たまたま本を返しに行くと、返却ワゴンにあったので、以前から読んでみたかった本がそこで待っていてくれたのだ。
とても読みやすくわかりやすい。こども向けのファンタジー小説。
ああ、どうして日本ではこどもが自殺するのだろうか。悲憤慷慨していたわたくし。そうだ、そのとおりだ!と声を大にして叫びたくなった。
物語は、あの世へ向かう魂になったものが抽選に当たり、地上に還されるところから始まる。ある家のひとりの男の子の体に入って、一年暮らして自分が死んだ原因(犯した罪)を探れと。
その家は一見平凡な四人家族。真が心で泣き崩れているところに生き還ったので、皆大喜びする。しかし、・・・。
だんだん、真がどんな人間だったか、家族にはどんな裏の顔があったのか、学校でどんなふうに過ごしていたのかが「魂」にわかってくる。
とくに良妻賢母である母親が、習い事のフラメンコ教師と不倫をしていたり、初恋の相手が今でいうとパパ活をして、ラブホテルから出てくるところを目撃してしまうなんて!これでは、自殺したくなるのも無理なしだ。
しかし、真が28000もするスニーカーを買って履き、周りから「おっ」と見られるようになってから・・・。このスニーカーを不良たちに大怪我をさせられて強奪されて、「安い靴屋があるよ」と声をかけてくれる級友・早乙女が現れる。
うーん、とても自然な展開だ。確かにナイキの靴が爆発的に売れて、この靴欲しさに傷つけられたりする事件が世界的にも頻発していた。

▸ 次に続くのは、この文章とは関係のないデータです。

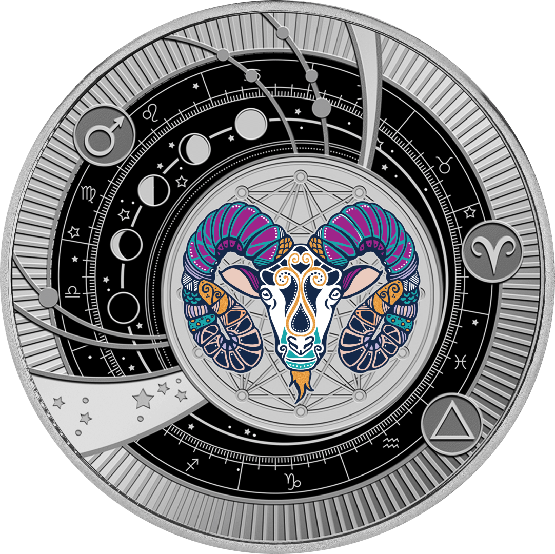 Deze prachtige zilveren munt maakt deel uit van de serie "Zodiac Signs" en is opgedragen aan de Ram, de stoutmoedige pionier wiens energie en vastberadenheid inspireren tot actie. De Ram wordt geregeerd door de vurige Mars en symboliseert kracht, passie en een innerlijk vuur dat geen grenzen kent. De munt is geslagen in gepolijste plaat, met heldere kleuren en ingewikkelde details. Een elegante hangerring maakt het mogelijk om de munt als sieraad te dragen, zodat je het symbool van de krachtige energie van de Ram dicht bij je houdt. De munt wordt geleverd in een etui met een echtheidscertificaat en is gelimiteerd tot slechts 599 stuks wereldwijd.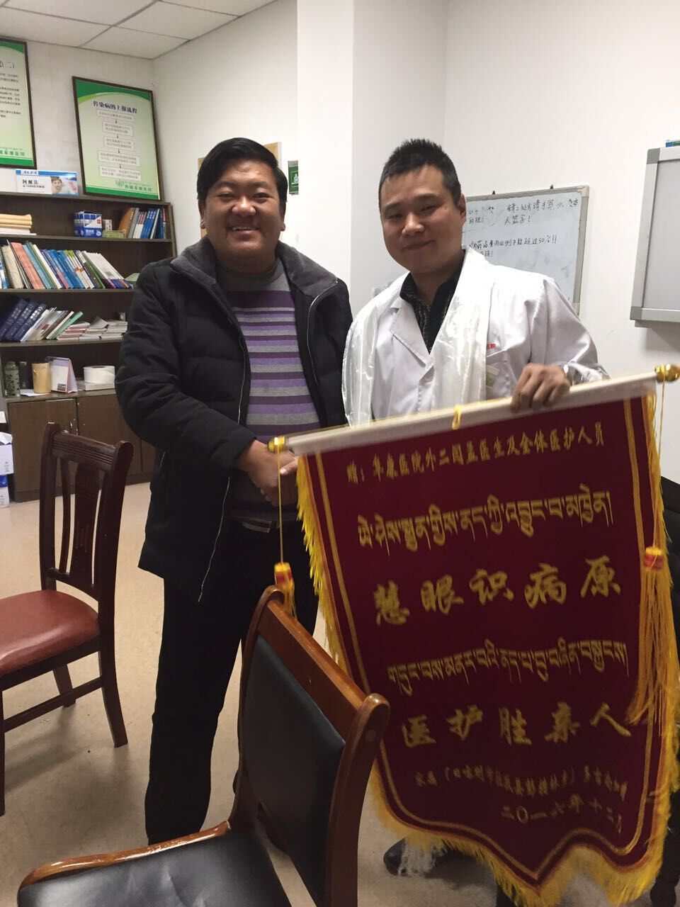 近日,西藏阜康醫(yī)院外二科病區(qū)上演了溫馨的一幕,患者曲宗(化名)家屬手捧一面寫(xiě)著“ 慧眼識(shí)病原,醫(yī)護(hù)勝親人”字樣的錦旗,再三感謝我科閆孟醫(yī)生及科室全體醫(yī)護(hù)人員對(duì)他的精心治療和護(hù)理,連連稱贊醫(yī)護(hù)人員醫(yī)術(shù)精湛,不是親人勝似親人。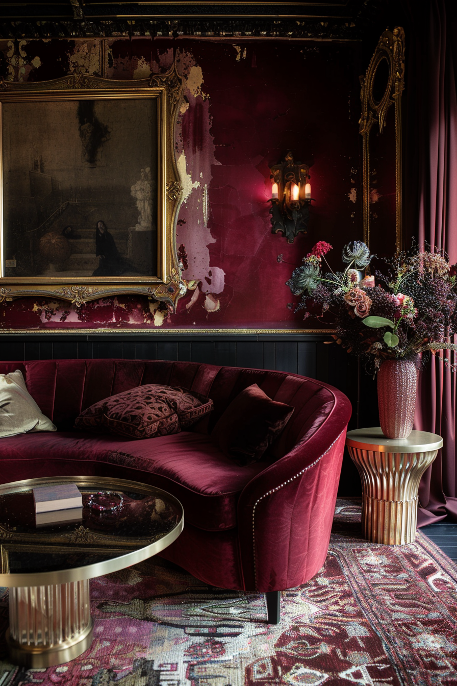 This glamorous living room features moody burgundy walls, ornate gilded mirrors and sleek furniture for a luxe Art Deco vibe.
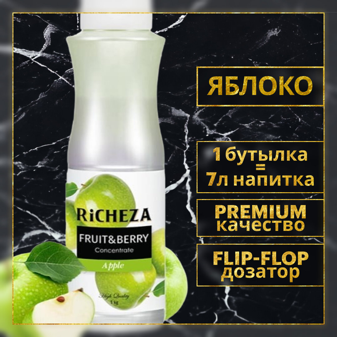Купить Концентрат Основа для приготовления напитков Richeza Ричеза Яблоко, натуральный концентрат для чая, коктейля, смузи, лимонада, 1 кг.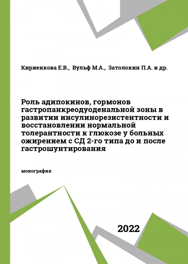 Роль адипокинов, гормонов гастропанкреодуоденальной зоны в развитии инсулинорезистентности и восстановлении нормальной толерантности к глюкозе у больных ожирением с СД 2-го типа до и после гастрошунтирования : монография / Кириенкова Е. В., Вульф М. А., Затолокин П. А. [и др.] ; ред. Литвиновой Л. С. - Балтийский федеральный университет им. Иммануила Канта, 2022. - ISBN 978-5-9971-0721-5 .

真は、不細工で背が低く勉強もできない。しかし、絵を描くのが得意で周りもそれを高く評価していた。いじめられても、絵の世界に没頭してひとりでいることを楽しんでいられた。だが、初めてできた友人早乙女くんは、彼の世界を広げた。
そして、家族の裏の顔だけではなく、光り輝く面も真になった魂は知ることになる。
だんだん、いろんなことを知らないで、世界を観ないで決めつけて「死を選んだ」真に、その体を返して本当にもう一度生き返らせてやりたいと「魂」は思うようになる。
しかし、そのために彼は自分が誰で、どんな罪を犯して死んだのかを思い出さばければならない。・・・彼を慕い、彼の絵に魅了されていたチビでブスの佐野唱子が、そのヒントをくれる。

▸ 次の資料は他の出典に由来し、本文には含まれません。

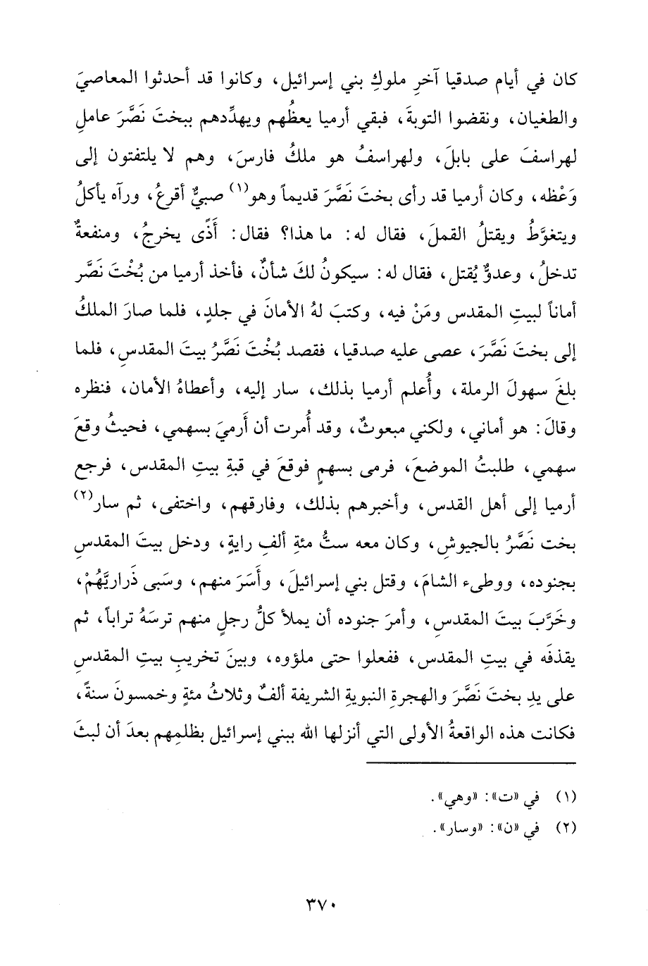 كان في أيام صدقيا آخرِ ملوكِ بني إسرائيل، وكانوا قد أحدثوا المعاصيَ والطغيان، ونقضوا التوبةَ، فبقي أرميا يعظُهم ويهدِّدهم ببختَ نَصَّرَ عاملِ لهراسفَ على بابلَ، ولهراسفُ هو ملكُ فارسَ، وهم لا يلتفتون إلى وَعْظه، وكان أرميا قد رأى بختَ نَصَّرَ قديمًا وهو (¬1) صبيٌّ أقرعُ، ورآه يأكلُ ويتغوَّطُ ويقتلُ القملَ، فقال له: ما هذا؟ فقال: أَذًى يخرجُ، ومنفعةٌ تدخلُ، وعدوٌّ يُقتل، فقال له: سيكونُ لكَ شأنٌ، فأخذ أرميا من بُخْتَ نَصَّر أمانًا لبيتِ المقدس ومَنْ فيه، وكتبَ لهُ الأمانَ في جلدٍ، فلما صارَ الملكُ إلى بختَ نَصَّرَ، عصى عليه صدقيا، فقصد بُخْتَ نَصَّرُ بيتَ المقدسِ، فلما بلغَ سهولَ الرملة، وأُعلم أرميا بذلك، سار إليه، وأعطاهُ الأمان، فنظره وقالَ: هو أماني، ولكني مبعوثٌ، وقد أُمرت أن أَرميَ بسهمي، فحيثُ وقعَ سهمي، طلبتُ الموضعَ، فرمى بسهمٍ فوقعَ في قبةِ بيتِ المقدس، فرجع أرميا إلى أهل القدس، وأخبرهم بذلك، وفارقهم، واختفى، ثم سار (¬2) بخت نَصَّرُ بالجيوشِ، وكان معه ستُّ مئةِ ألفِ رايةٍ، ودخل بيتَ المقدسِ بجنوده، ووطئ الشامَ، وقتل بني إسرائيلَ، وأَسَرَ منهم، وسَبى ذَراريَّهُمْ، وخَرَّبَ بيتَ المقدسِ، وأمرَ جنوده أن يملأ كلُّ رجلٍ منهم ترسَهُ ترابًا، ثم يقذفَه في بيتِ المقدس، ففعلوا حتى ملؤوه، وبينَ تخريبِ بيتِ المقدسِ على يدِ بختَ نَصَّرَ والهجرةِ النبويةِ الشريفة ألفٌ وثلاثُ مئةٍ وخمسونَ سنةً، فكانت هذه الواقعةُ الأولى التي أنزلها الله ببني إسرائيل بظلمِهم بعدَ أن لبثَ

途中で、もしかしたら・・・と勘の良い読者ならば、死んでしまった真の体にホームステイしている魂の正体に思い至るだろう。
ああ、面白かった。そして切なかった。
どうか、どうか自分を殺してはいけない。あなたを愛し、あなたに助けられているものがいる。あなたが気づかなくても励まされているものがいる。また、逆に知らず知らずのうちに誰かを傷つけて苦しめているかも知れないが、・・・・。
お互いに言葉を出し合って、気持ちを伝え合ってほしい。
誤解によって、悩みから死を選ぶことなどあってはならない。苦しみは決して永遠ではなく、あなたを助けたい人は必ずいる。
そういうメッセージをこの物語から受け取った。
この世は実に様々な色で溢れている。ひともいろいろだ。ひとりのひとでさえ、ある面は美しく彩られているが、他の面に暗黒の色も塗り込められている。
純粋なままで、汚れを受け入れないで生きることはできない。
故に★4
母親の不倫は、どうしても現実味が感じられない。世間にはよくあることだとしても、・・・。もう少し、フラメンコ教師が女たらしで生徒の誰とでも「やる」男だと書いてあれば、納得がいったが。
また、真面目で愛妻家の父親がこどもの生まれる前に浮気していたというエピソードは、母親の作り話かもしれぬが、現実味がない。大人の浮気事情はこどもには理解不能。これも筆者は教えたかったのかもしれぬが、このふたりの人物像がぶれている。